The evidence indicates that the U.S. vetting system is already “extreme” enough to handle the challenge of foreign terrorist infiltration.

Learn more…

Two-Thirds of Americans Live in a “Constitution-Free Zone”

Two-thirds of the U.S. population lives within a “Constitution Free Zone.” What does that mean for basic freedom in the Land of the Free?

image

For over 60 years, the executive branch has, through regulatory fiat, imposed a “border zone” that extends as much as 100 miles into the United States. Within this area are a series of Soviet-style internal checkpoints run by the Department of Homeland Security’s Customs and Border Protection (CBP) service.

The majority of the checkpoints stretch across the southwestern United States from southern Calfornia to the Texas Gulf Coast. CBP agents operating these checkpoints routinely violate the constitutional rights of citizens and other who are forced to pass through them. For too many American immigrants or legal permanent residents living in or just passing through the southwestern United States, these checkpoints are a breeding ground for racial profiling and civil liberties violations.

Simply stated, Americans living in or traveling through the so-called “border zone” can be subjected to motor vehicle stops and constitutionally dubious searches at internal checkpoints run by the CBP. Some of these checkpoints are located as much as 100 miles inside the country, and reports of CBP agent abuses of citizens at such checkpoints appear frequently in the press.

In some cases, CBP agents have used violence to remove motorists from their vehicles when they decline to answer questions after asserting their rights.

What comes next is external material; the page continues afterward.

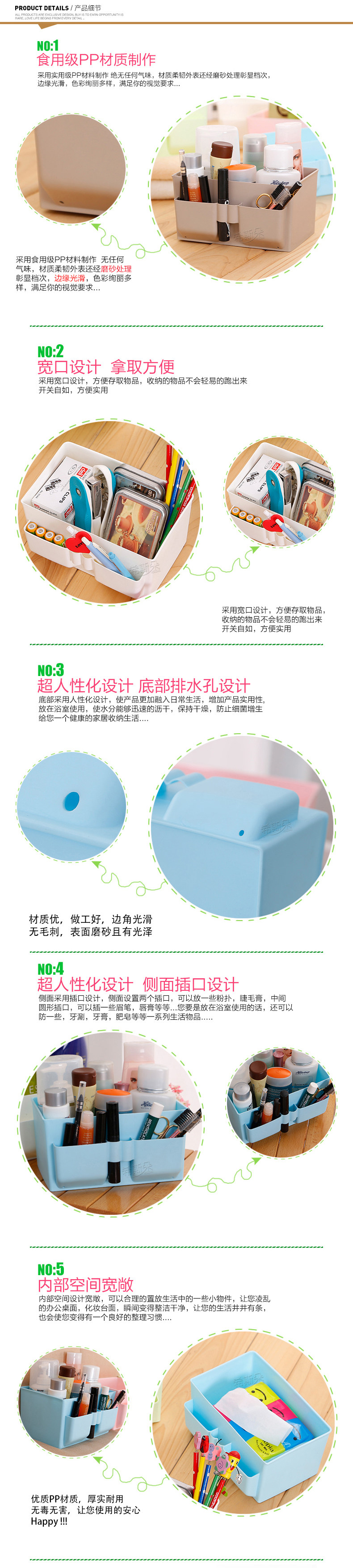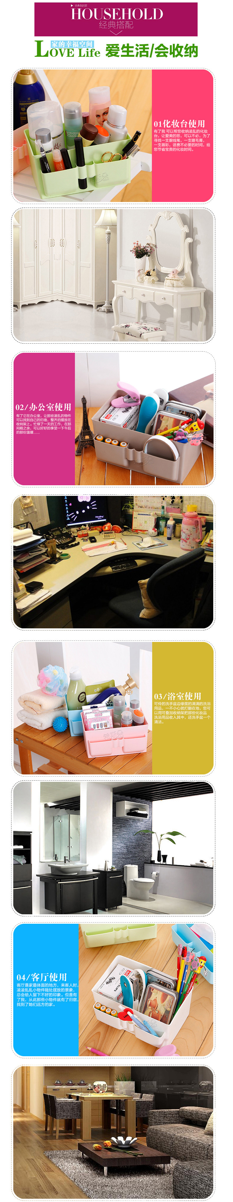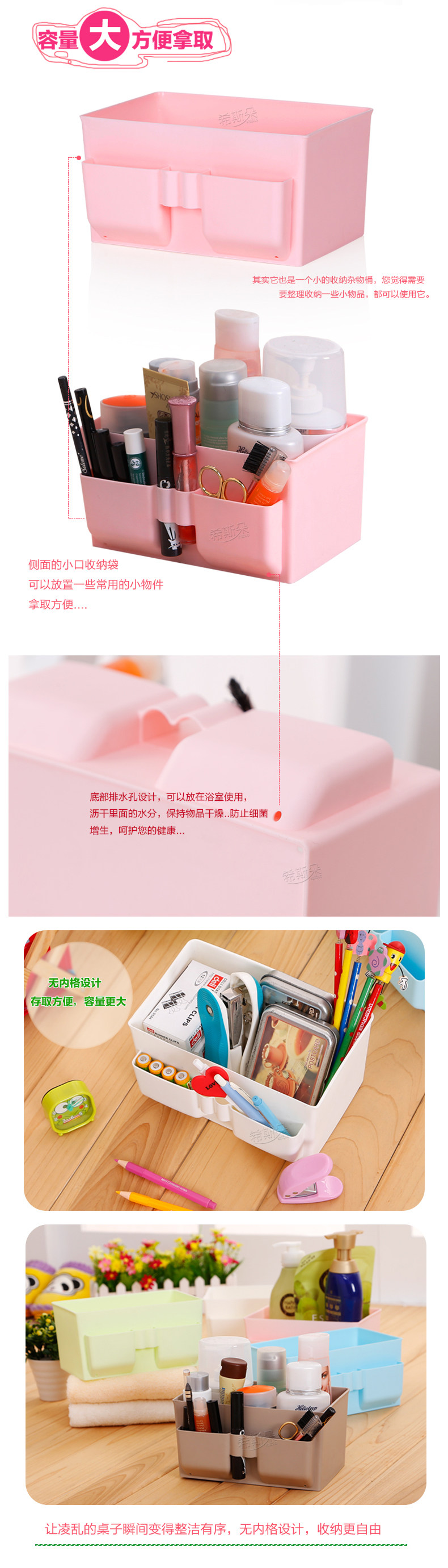 塑料多格化妆品收纳盒 办公桌面杂物整理收纳易清洁化妆盒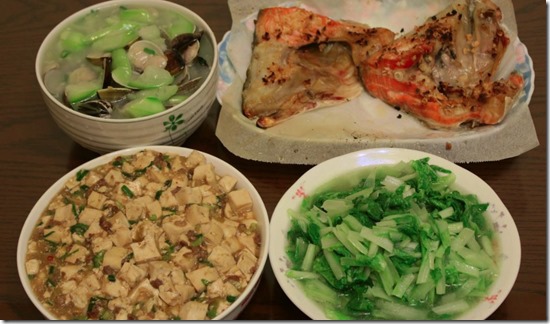 蒜烤鮭魚頭、蛤蜊絲瓜、不麻的辣豆腐、清炒小白菜

If you conduct a YouTube search utilizing the phrase “checkpoint refusal videos,” you will get thousands of hits — and you could easily spend days watching them.  

Just being dark-skinned and having an accent was enough for Armenian-American immigrant Greg Rosenberg to be stopped, roughed up, and detained without charge for 19 days after an encounter with CBP agents at the Laredo, Texas checkpoint in 2014. 

Through 2015, at least 35 people have been shot and killed by CBP agents, according to data compiled by the ACLU and CBP’ own internal data. To date, no agents involved in these use-of-force incidents has been fired.

The checkpoints are also largely ineffective in performing their stated task: catching illegal border crossers.  Apprehensions at checkpoints ranged from 1.34 to 2.52% of nationwide apprehensions across fiscal years 2013 through 2016, Yet, a significant portion of CBP agents are tied to these internal checkpoints that account for a minuscule portion of apprehensions of persons not legally authorized to be in the United States.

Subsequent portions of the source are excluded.